▸ **PROBLEM**: Please retype the data below line for line and leave out every picture.

------------------------

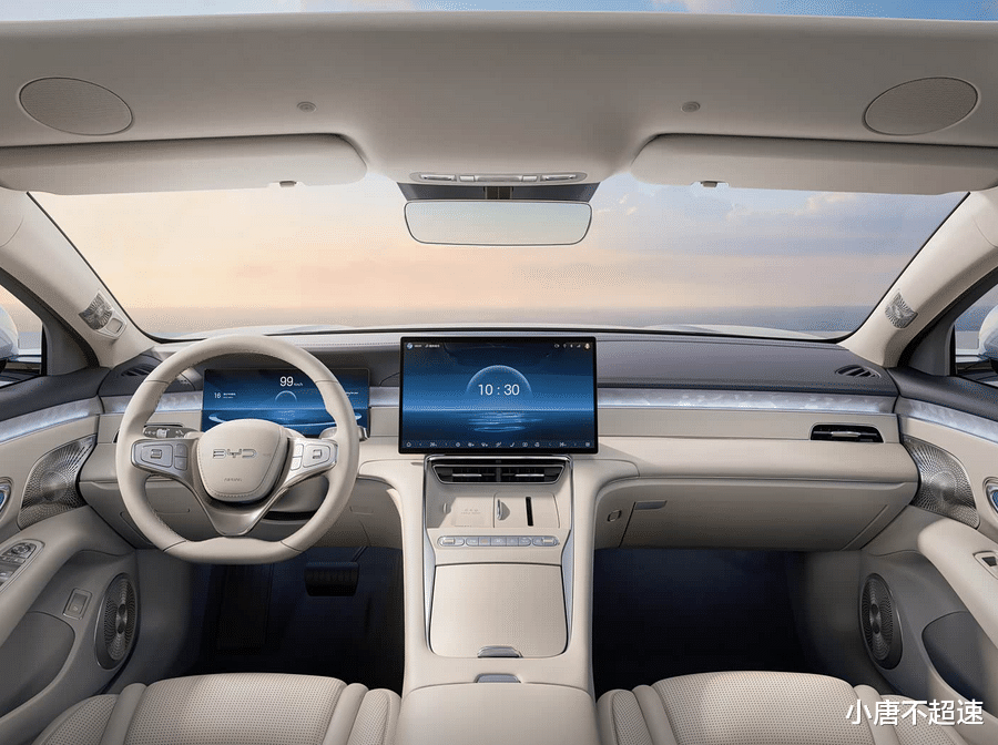 从官图来看,海豹08的内饰延续了海洋美学2.0的设计语言,官方将其理念概括为“松弛之境”与“治愈之美”。车内整体风格偏向简约,中控台采用分层式布局,一条宽幅的贯穿式饰条横跨左右,提升了视觉上的精致感。方向盘造型较为流畅,两侧保留了实体按键,便于驾驶过程中的操作。中控区域设置了悬浮式的方形中控屏,换挡机构为怀挡形式。此外,后排设有独立的空调控制屏,并提供了小桌板和宽大的中央扶手。
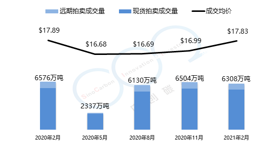加州-魁北克碳市場的初始配額發放以拍賣為主,每個季度舉行一次拍賣。2021年2月拍賣均價為17.83美元,較上一季度漲幅為5%,總成交量為6308萬噸。以下是由中創碳投統計的加州-魁北克碳市場近一年的交易情況。
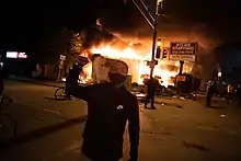 La soirée du est marquée par des heurts entre les forces de l'ordre et les manifestants, réprimés par du gaz lacrymogène et des tirs de balles en caoutchouc[84]. Les émeutes continuent le lendemain, des barricades sont érigées[85] et des incendies et pillages ont lieu[77]. Dans la nuit du 27 au , un homme est tué par balle[86]. Une manifestation est organisée simultanément à Los Angeles. Entre 500 et 1 000 personnes bloquent l'autoroute Interstate 5[87]. Les manifestations de protestation et les émeutes s'étendent ensuite à tout le pays, « de New York à Los Angeles », et le siège de CNN à Atlanta est incendié[88].
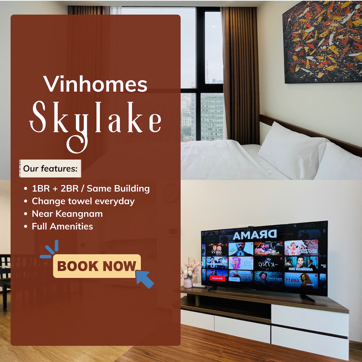 Leilighet på Vinhomes Skylake med en superavslappende utsikt over byen. Du kan spasere til Landmark72 og InterContinental, bare 1,2 km til The Manor, og i nærheten av det travle koreanske byområdet. Bygningen har et kjøpesenter nede med restauranter, kafeer, K-Mart og Winmart. ★ Rent og luftig rom ★ Praktisk innsjekking uten vert døgnet rundt med smartlås Sterkt og stabilt trådløst nettverk. Gratis Netflix, privat vaskemaskin, fullt utstyrt kjøkken og byguide. ★ Kundestøtte for turbestilling til rabatterte priser
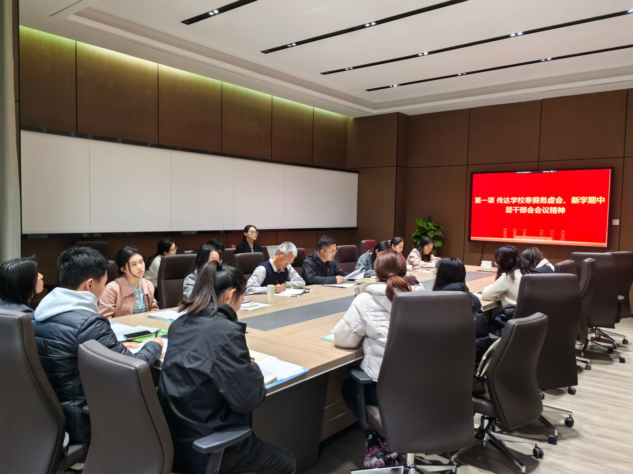 3月1日,公共政策与管理学院召开党委会,传达学习学校2026年寒假务虚会和新学期中层干部会等会议精神,围绕学院“十五五”发展目标及本学期重点工作开展专题研讨与全面部署。学院领导班子成员、党委委员及学院办公室工作人员参加会议,会议由学院党委书记管兴华主持。
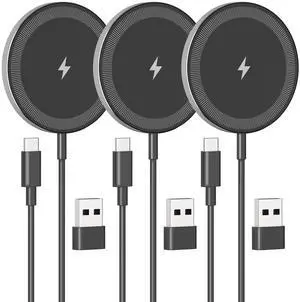 3-Pack 15W Magnetic Wireless Charger: Qi2 Fast Charging Pad for iPhone Air 17 16 15 14 13 12 Pro Max, Samsung Galaxy S26 S25, Google Pixel 10, AirPods-Slim Portable for Desk Bedside Travel-Black
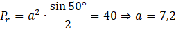 Oblicz długości przekątnych rombu, zachowując dokładność do jednego miejsca po przecinku, przy założeniu, że pole rombu wynosi 40, a miara kąta ostrego wynosi 50°.
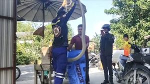 ตกใจสุดขีด!เจ้าของร้านขายน้ำชงพบจงอางยักษ์ซุกถังล้างแก้ว
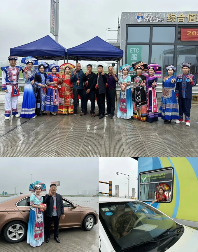 在六賓高速賓陽南收費站,六賓高速公司的志愿者們身穿民族特色服裝,化身高速公路上的“阿哥”“阿妹”,在提供出行服務(wù)的同時,為過往司乘人員送上了滿滿的祝福以及具有民族特色的繡球、香囊,形成收費站上一道靚麗的風(fēng)景線。
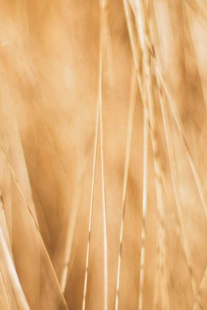 Eine Grasart, die von der Sonne verblüht und verwelkt ist. Die Farben und die Struktur erinnern jetzt an Dünen. Dieses Gras schwankt mit jedem Windhauch, der die Blätter berührt.
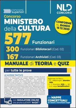 Concorso Ministero della Cultura 577 posti - 300 Funzionari Bibliotecari e 167 Funzionari Archivisti. Manuale di Teoria e Quiz

------------------------

▸ **ANSWER TO THIS TASK**:
 从官图来看,海豹08的内饰延续了海洋美学2.0的设计语言,官方将其理念概括为“松弛之境”与“治愈之美”。车内整体风格偏向简约,中控台采用分层式布局,一条宽幅的贯穿式饰条横跨左右,提升了视觉上的精致感。方向盘造型较为流畅,两侧保留了实体按键,便于驾驶过程中的操作。中控区域设置了悬浮式的方形中控屏,换挡机构为怀挡形式。此外,后排设有独立的空调控制屏,并提供了小桌板和宽大的中央扶手。
加州-魁北克碳市場的初始配額發放以拍賣為主,每個季度舉行一次拍賣。2021年2月拍賣均價為17.83美元,較上一季度漲幅為5%,總成交量為6308萬噸。以下是由中創碳投統計的加州-魁北克碳市場近一年的交易情況。
 La soirée du est marquée par des heurts entre les forces de l'ordre et les manifestants, réprimés par du gaz lacrymogène et des tirs de balles en caoutchouc[84]. Les émeutes continuent le lendemain, des barricades sont érigées[85] et des incendies et pillages ont lieu[77]. Dans la nuit du 27 au , un homme est tué par balle[86]. Une manifestation est organisée simultanément à Los Angeles. Entre 500 et 1 000 personnes bloquent l'autoroute Interstate 5[87]. Les manifestations de protestation et les émeutes s'étendent ensuite à tout le pays, « de New York à Los Angeles », et le siège de CNN à Atlanta est incendié[88].
 Leilighet på Vinhomes Skylake med en superavslappende utsikt over byen. Du kan spasere til Landmark72 og InterContinental, bare 1,2 km til The Manor, og i nærheten av det travle koreanske byområdet. Bygningen har et kjøpesenter nede med restauranter, kafeer, K-Mart og Winmart. ★ Rent og luftig rom ★ Praktisk innsjekking uten vert døgnet rundt med smartlås Sterkt og stabilt trådløst nettverk. Gratis Netflix, privat vaskemaskin, fullt utstyrt kjøkken og byguide. ★ Kundestøtte for turbestilling til rabatterte priser
 3月1日,公共政策与管理学院召开党委会,传达学习学校2026年寒假务虚会和新学期中层干部会等会议精神,围绕学院“十五五”发展目标及本学期重点工作开展专题研讨与全面部署。学院领导班子成员、党委委员及学院办公室工作人员参加会议,会议由学院党委书记管兴华主持。
 3-Pack 15W Magnetic Wireless Charger: Qi2 Fast Charging Pad for iPhone Air 17 16 15 14 13 12 Pro Max, Samsung Galaxy S26 S25, Google Pixel 10, AirPods-Slim Portable for Desk Bedside Travel-Black
 Oblicz długości przekątnych rombu, zachowując dokładność do jednego miejsca po przecinku, przy założeniu, że pole rombu wynosi 40, a miara kąta ostrego wynosi 50°.
 ตกใจสุดขีด!เจ้าของร้านขายน้ำชงพบจงอางยักษ์ซุกถังล้างแก้ว
 在六賓高速賓陽南收費站,六賓高速公司的志愿者們身穿民族特色服裝,化身高速公路上的“阿哥”“阿妹”,在提供出行服務(wù)的同時,為過往司乘人員送上了滿滿的祝福以及具有民族特色的繡球、香囊,形成收費站上一道靚麗的風(fēng)景線。
 Eine Grasart, die von der Sonne verblüht und verwelkt ist. Die Farben und die Struktur erinnern jetzt an Dünen. Dieses Gras schwankt mit jedem Windhauch, der die Blätter berührt.
 Concorso Ministero della Cultura 577 posti - 300 Funzionari Bibliotecari e 167 Funzionari Archivisti. Manuale di Teoria e Quiz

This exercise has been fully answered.